If the water on Earth did form from a thick hydrogen atmosphere, however, it should have originally had a far lower value of the deuterium-to-hydrogen ratio than we see in sea water today. But Genda and Ikoma have got round this problem. Their calculations show that the ratio would have naturally drifted upwards over time.

Several effects would have contributed to this rise, including leakage of hydrogen into space. Energy from the Sun would have made most of the hydrogen escape, but the heavier deuterium would have escaped less easily, so it would have become more concentrated.

Also, chemical reactions favour the gradual exchange of hydrogen in water molecules for deuterium.
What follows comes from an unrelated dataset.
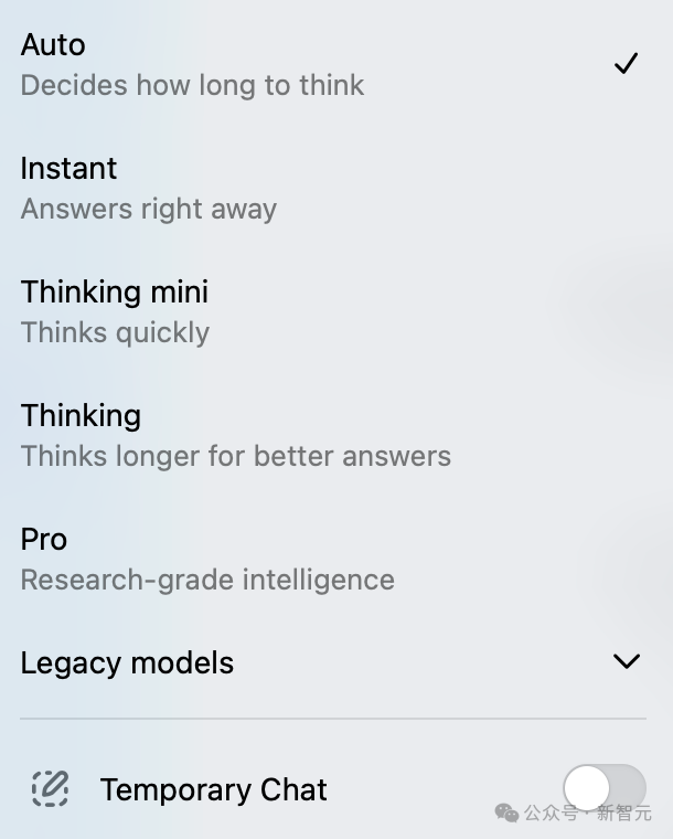 所以OpenAI在发布GPT-5后,淡化了模型的概念,淡化了思考和非思考的概念,而是变为自动、极速、短思考、认真思考和专业模式。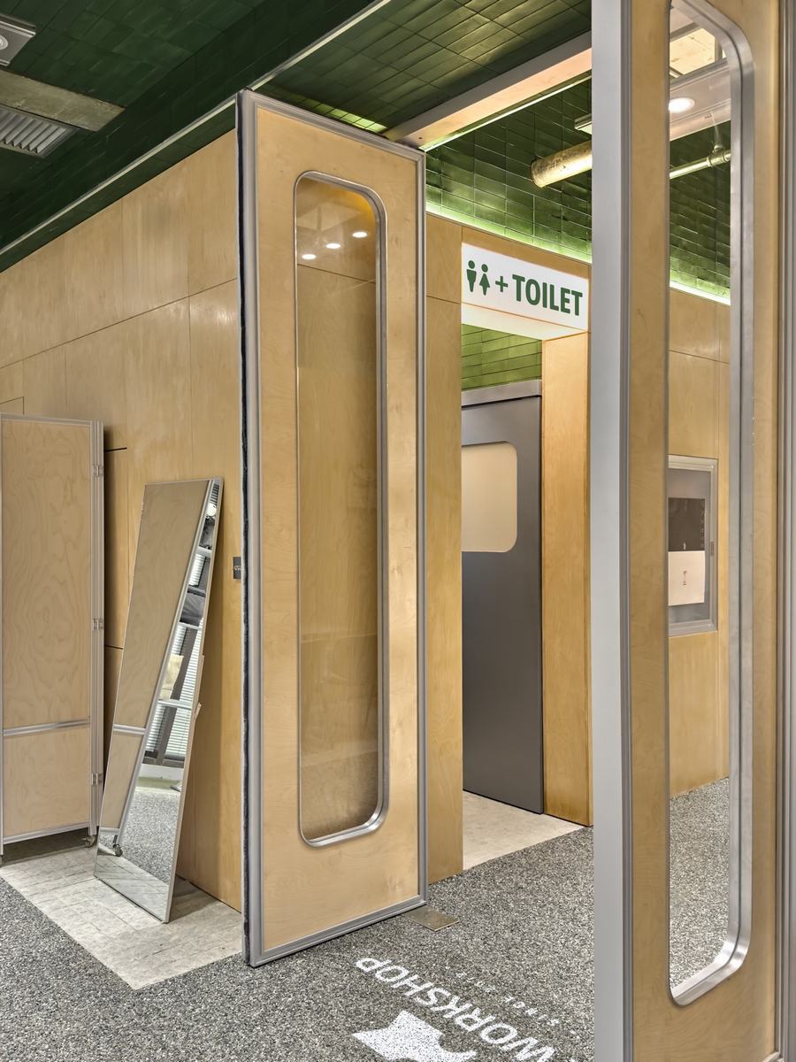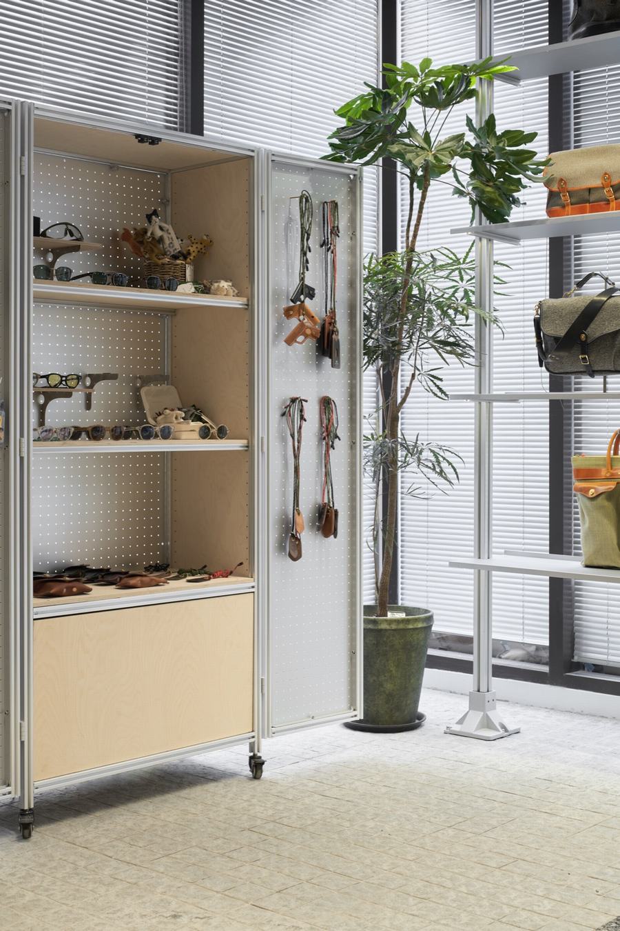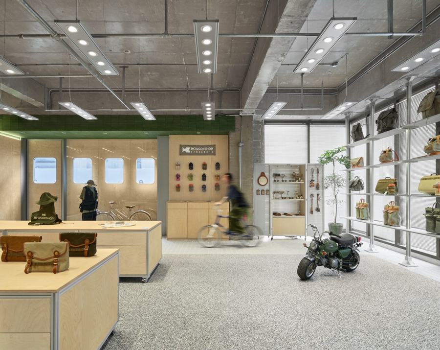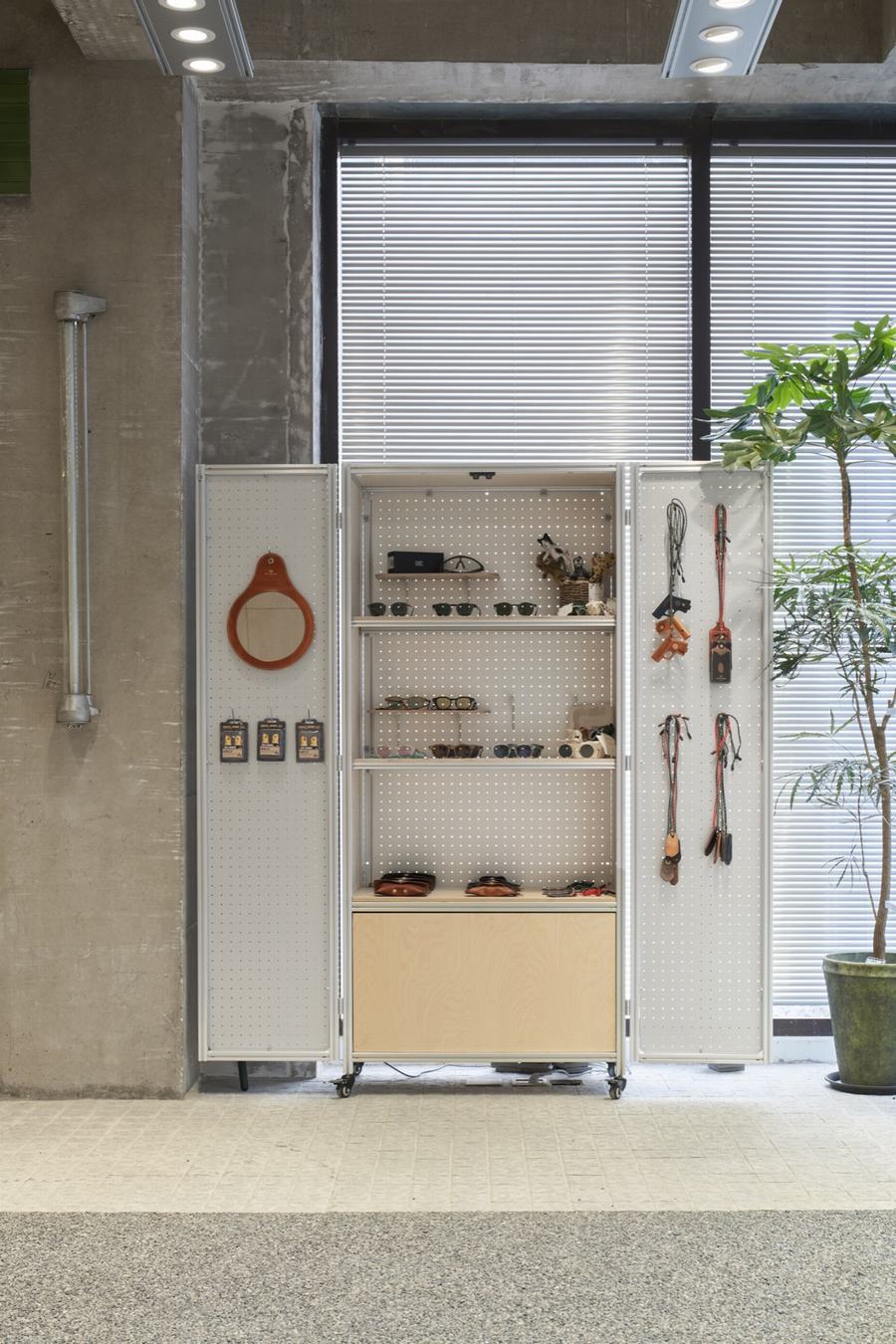 HK WORKSHOP作为知名手工皮具品牌,其独立入口被设计成一个具有强烈形式感的谷仓门。闭店时,入口是一个完整的外立面,而当商店开业时,大尺寸的谷仓门会被拉开,让顾客可以清楚地看到展示橱窗里的产品。这样的设计不仅增加了商店的视觉吸引力,也为顾客带来了愉悦的购物体验。

Genda and Ikoma conclude from their calculations that that the oceans might well have been chemically manufactured right here on Earth.

Kathrin Altwegg, a comet expert from Bern University in Switzerland. "We might have to rethink theories of how much water the comets could have brought." She suspects the picture might be a complex one in which water came from chemical reactions on Earth as well as asteroids and comets.

But Altwegg says much more observational evidence is needed to clarify our hazy picture of the solar system's early history. Spacecraft missions need to investigate deuterium-to-hydrogen ratios on planets, moons and comets at various locations across the solar system, she says.

One intriguing clue could come from NASA's Phoenix Mars Lander, due to arrive on the Red Planet in May 2008. It aims to measure the deuterium-to-hydrogen ratio in Martian water ice for the first time.